И вдруг услышал прямо в свой затылок:
— Забываю сказать, рядовой… Поступил ответ на ваш рапорт…
Тряпка застыла в моих руках. Я смотрел на ненавистный сапог и ждал ответа. А Фурса наверху молчал.
Тогда я поднял глаза и встретился с его глазами. Он смотрел на меня, как и должен смотреть на букашку, которую мог бы раздавить, но почему-то еще не раздавил. Впрочем, еще раздавит. Глаза его были холодней космоса. Лишь нащупав в моем взгляде нечто, похожее на страх перед отказом сверху, и осознав всю глубину моего страха, он удовлетворился. Губы у него были красны, как у женщины. Сочные, капризные. Мои дружки по взводу утверждали, что Фурса пудрит лицо.
Он помедлил и — переставил ногу, освобождая для моей работы сухой пятачок пола. Этим он как бы давал понять, что пол-то, независимо от разговора, да и результата, который он еще выскажет, я должен домыть. Таким образом сам факт ответа на рапорт и сам рапорт приравнивались к чистоте этого пола. Вот когда я дотер последний сантиметр, капитан Фурса, не давая мне времени подняться, произнес небрежно, что рапорт мой удовлетворен и я перевожусь в другую часть. Не сегодня, конечно, но завтра, а может, послезавтра, когда оформят билет и продкормовые.
Не в силах описать, что со мной творилось.
Со мной, но и моими дружками по роте.

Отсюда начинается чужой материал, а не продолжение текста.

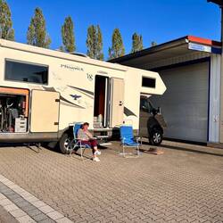 Wir sind spät aufgestanden und haben den Vormittag am Stellplatz verbracht. Einige Mitarbeiter der Fa. Schaffer Mobil waren pflichtbewusst bei der Arbeit. Nette Gespräche mit dem ServicedienstleiterLæs mere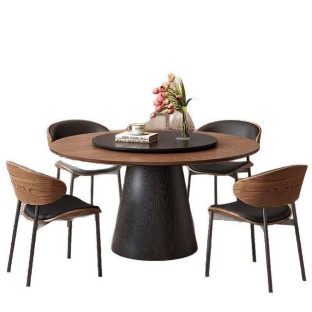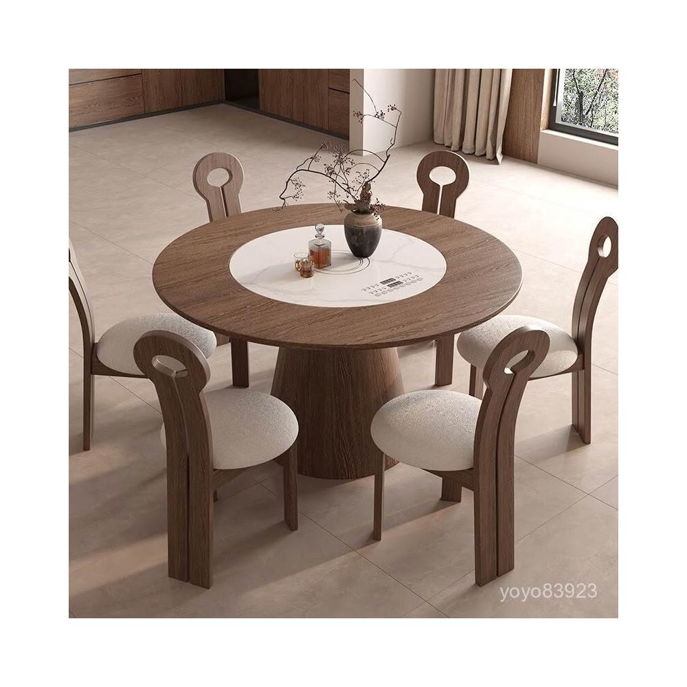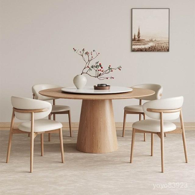 靈感家居 廠家直銷實木餐桌椅組閤家用中古風小戶型餐廳圓形飯桌法式複古白蠟木圓桌 B1FS

В моей свободе они вдруг увидели надежду и для себя. Они вдруг поняли, что можно за себя бороться. Рассказывали, что после моего отъезда все бросились писать рапорта.

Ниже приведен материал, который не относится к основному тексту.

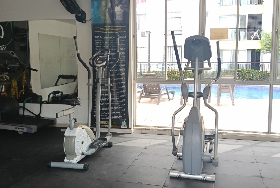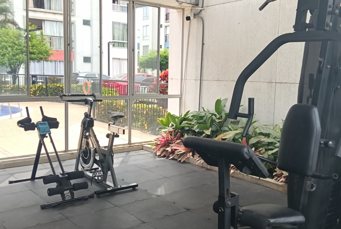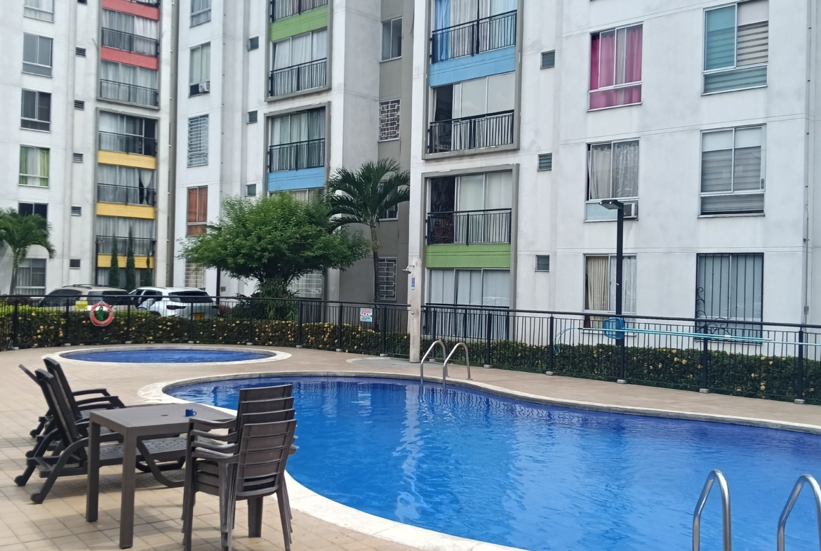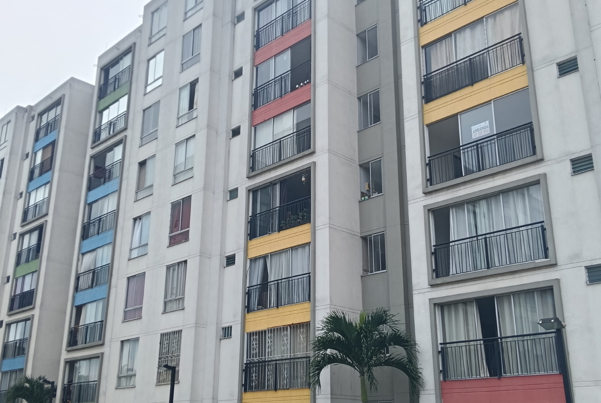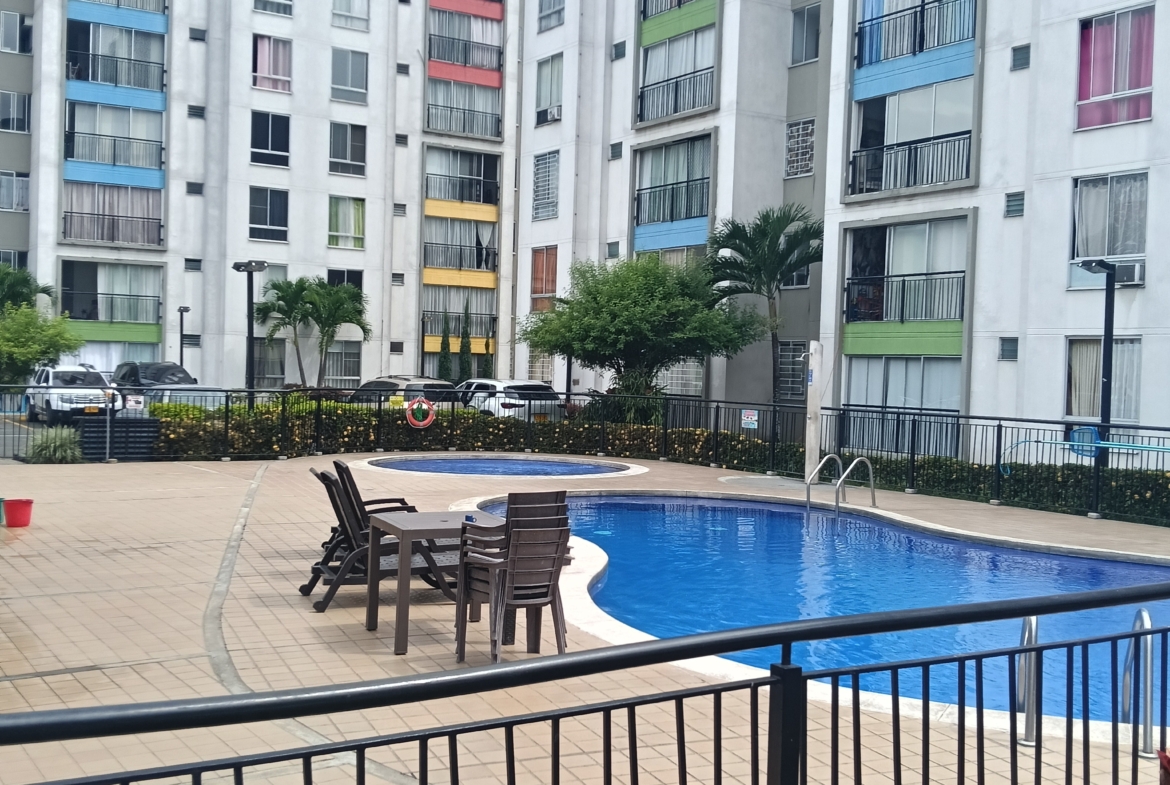 SE VENDE APARTAMENTO en el conjunto LA FARFALE, octavo piso con ascensor, consta de; sala comedor con un gran ventanal con vista al exterior, cocina integral con un completo juego de gabinetes, zona de oficios, tres habitaciones, la principal con baño, un segundo baño de alcobas, tiene 60 m2. La unidad tiene piscina para adultos y niños, zona infantil, salón social, GYM, parqueadero comunitario, vigilancia 24 horas, fácil acceso, cerca de supermercados y transporte público.

…А я с небольшим вещмешком добежал — это я уж точно помню, что я почему-то бежал, а не шел, — до станции, доехал до Москвы, потом сел на электричку на Казанском вокзале. Смотрел бездумно на весенние, в легкой пьянящей дымке поля, что кружили за окном, и ничего мне больше в жизни не хотелось.
Я знал, что будет передышка, будет дом, отец, сестренка… А потом я рвану на электричке до Кратова, до нашего клуба «Стрела», где Мария Федоровна Стрельцова и где на Первое мая обязательно наши дают концерт. Нет, нет, выступать я не стану, я и не вольный, гражданский, я лишь проездом… Но тем дороже появиться вдруг за сценой и услышать возглас; «Господи! Да откуда! Да похудел как! Прям Теркин!»

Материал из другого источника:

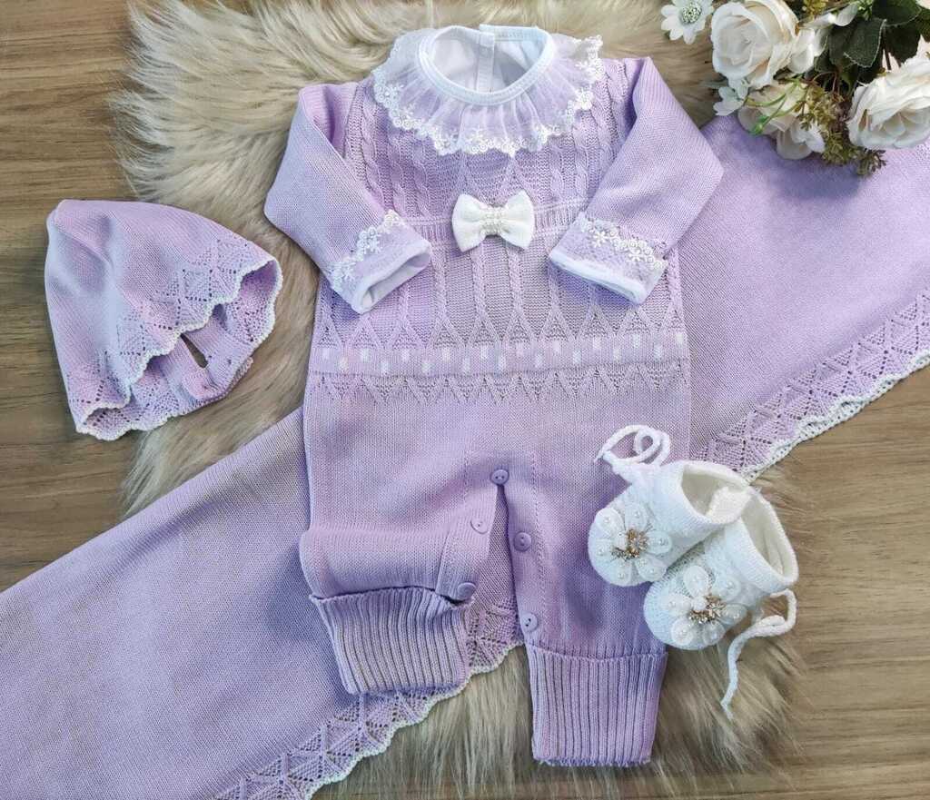 • Macacão em tricô: suave e confortável, ideal para os primeiros dias de vida.

Но помню, что я выступил. Меня опять упросили прочесть Теркина.
Я вышел, посмотрел в первые ряды (где мог бы сидеть полковник Яковлев) и увидел наших, из лаборатории, они махали мне руками.
Я тогда прочел; «…Шли однако. Шел и я. Я дорогою постылей пробирался не один…»
Путь мой далее лежал через Москву, через мой Казанский вокзал, с его счастливыми знаками, блестевшими золотом ярче моих пуговиц, надраенных асидолом,
в голубой, волжский город Саратов. Конечно же, в авиационную часть! Случай для армии просто невероятный, но я свидетельствую: он произошел в апреле 1953 года. А мой будущий командир, капитан Жуков, долго будет допытываться у меня, кто же в генеральном штабе у меня из близких. Ибо не только мой перевод, но и телеграмма была, а в ней приказ устроить и доложить, как я устроен.А из Ростова, что не на реке, а на болоте, как мы выражались, пришло нескоро письмо. В нем писали о рапортах, что подали в нашей роте все до одного, а еще о том, что вскоре пришла разнарядка на поступление в военные училища, и многие ушли, в том числе ушел и Зиновий Куцер. А вот Олехов, на которого сильней всего и пал после разъезда гнев сержанта Писли, в училище, из-за своих больных ног, не попал. Он покончил с собой, застрелившись из автомата. Это случилось ночью, во время караула, возле тех самых складов, что мы охраняли в день смерти Сталина. Кстати, в письмах еще сообщали, что склады те оказались пустыми, ничего там не было. Это выяснилось по весне, во время уборки. Одни печати, оказывается, и были. А значит, мы охраняли печати да замки, так написали друзья.
Цвета моего детства
Охватив взглядом привычный из вагона пейзаж станции Люберцы, которая, конечно же, изменилась с тех давних пор, не могла не измениться, я пытаюсь уловить то, что могло бы здесь еще быть моим, и с удивлением обнаруживаю: кое-что осталось.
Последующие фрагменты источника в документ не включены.